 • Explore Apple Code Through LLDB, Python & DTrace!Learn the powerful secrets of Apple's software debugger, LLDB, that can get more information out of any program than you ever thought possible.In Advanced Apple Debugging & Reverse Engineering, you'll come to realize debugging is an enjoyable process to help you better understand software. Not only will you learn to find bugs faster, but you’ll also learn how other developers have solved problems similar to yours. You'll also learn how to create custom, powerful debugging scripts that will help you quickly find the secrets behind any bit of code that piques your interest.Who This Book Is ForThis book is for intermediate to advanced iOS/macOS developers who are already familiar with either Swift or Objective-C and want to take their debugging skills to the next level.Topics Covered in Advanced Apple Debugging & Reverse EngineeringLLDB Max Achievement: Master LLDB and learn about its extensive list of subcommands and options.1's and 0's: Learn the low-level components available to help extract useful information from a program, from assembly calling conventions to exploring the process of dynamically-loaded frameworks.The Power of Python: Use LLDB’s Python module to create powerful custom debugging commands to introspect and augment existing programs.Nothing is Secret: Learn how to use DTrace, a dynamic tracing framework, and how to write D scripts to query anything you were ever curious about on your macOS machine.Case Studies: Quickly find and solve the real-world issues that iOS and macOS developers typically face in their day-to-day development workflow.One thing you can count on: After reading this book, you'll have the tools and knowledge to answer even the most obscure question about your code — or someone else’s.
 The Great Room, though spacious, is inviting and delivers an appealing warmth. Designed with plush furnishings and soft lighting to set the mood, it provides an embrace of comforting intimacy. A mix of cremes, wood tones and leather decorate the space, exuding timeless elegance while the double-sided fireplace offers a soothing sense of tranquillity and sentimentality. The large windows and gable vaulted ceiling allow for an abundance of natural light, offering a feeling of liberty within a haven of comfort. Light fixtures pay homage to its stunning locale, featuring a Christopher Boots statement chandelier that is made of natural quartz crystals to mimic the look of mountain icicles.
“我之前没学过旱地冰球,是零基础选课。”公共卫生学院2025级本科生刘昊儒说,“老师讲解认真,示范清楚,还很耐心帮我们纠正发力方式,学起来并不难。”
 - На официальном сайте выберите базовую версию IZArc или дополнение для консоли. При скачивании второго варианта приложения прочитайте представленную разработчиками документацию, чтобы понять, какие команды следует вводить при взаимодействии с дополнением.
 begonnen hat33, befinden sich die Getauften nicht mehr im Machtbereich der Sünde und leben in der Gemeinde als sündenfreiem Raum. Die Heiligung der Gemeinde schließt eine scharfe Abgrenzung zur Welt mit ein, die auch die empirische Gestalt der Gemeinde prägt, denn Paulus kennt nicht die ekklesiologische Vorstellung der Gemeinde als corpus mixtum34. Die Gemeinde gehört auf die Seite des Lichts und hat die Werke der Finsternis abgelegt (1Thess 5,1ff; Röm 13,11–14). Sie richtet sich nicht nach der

----

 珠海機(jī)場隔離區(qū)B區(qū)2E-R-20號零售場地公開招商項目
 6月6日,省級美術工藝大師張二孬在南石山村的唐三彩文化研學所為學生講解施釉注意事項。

----

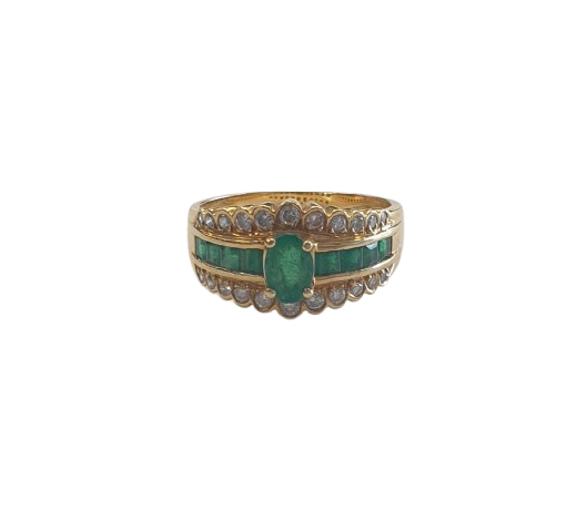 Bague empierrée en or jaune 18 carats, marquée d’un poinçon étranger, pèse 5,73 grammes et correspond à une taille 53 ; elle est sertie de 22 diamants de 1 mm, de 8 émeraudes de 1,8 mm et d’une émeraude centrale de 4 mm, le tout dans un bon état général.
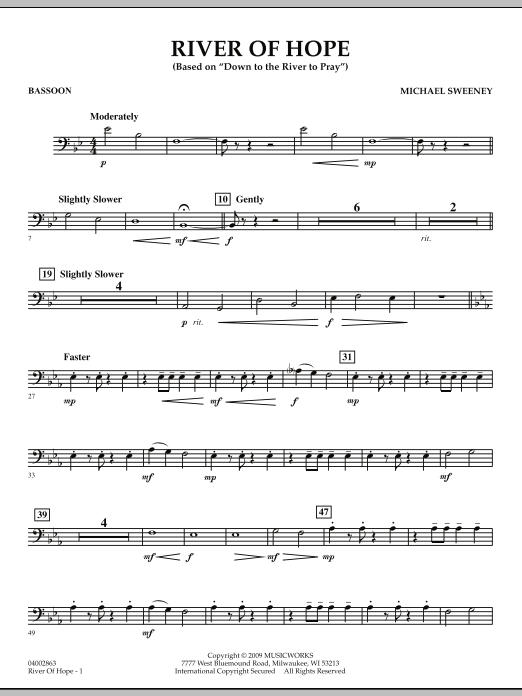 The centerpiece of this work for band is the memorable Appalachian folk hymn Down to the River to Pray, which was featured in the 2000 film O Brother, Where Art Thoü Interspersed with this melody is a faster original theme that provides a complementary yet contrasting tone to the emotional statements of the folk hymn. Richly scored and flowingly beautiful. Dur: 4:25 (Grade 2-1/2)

----

About this task:
Return, unchanged, the run of lines above that opens with the line containing "珠海機(jī)場隔離區(qū)B區(qū)2E-R-20號零售場地公開招商項目" and closes with the line containing "6月6日,省級美術工藝大師張". Include both.

Solution for this problem:
 珠海機(jī)場隔離區(qū)B區(qū)2E-R-20號零售場地公開招商項目
 6月6日,省級美術工藝大師張二孬在南石山村的唐三彩文化研學所為學生講解施釉注意事項。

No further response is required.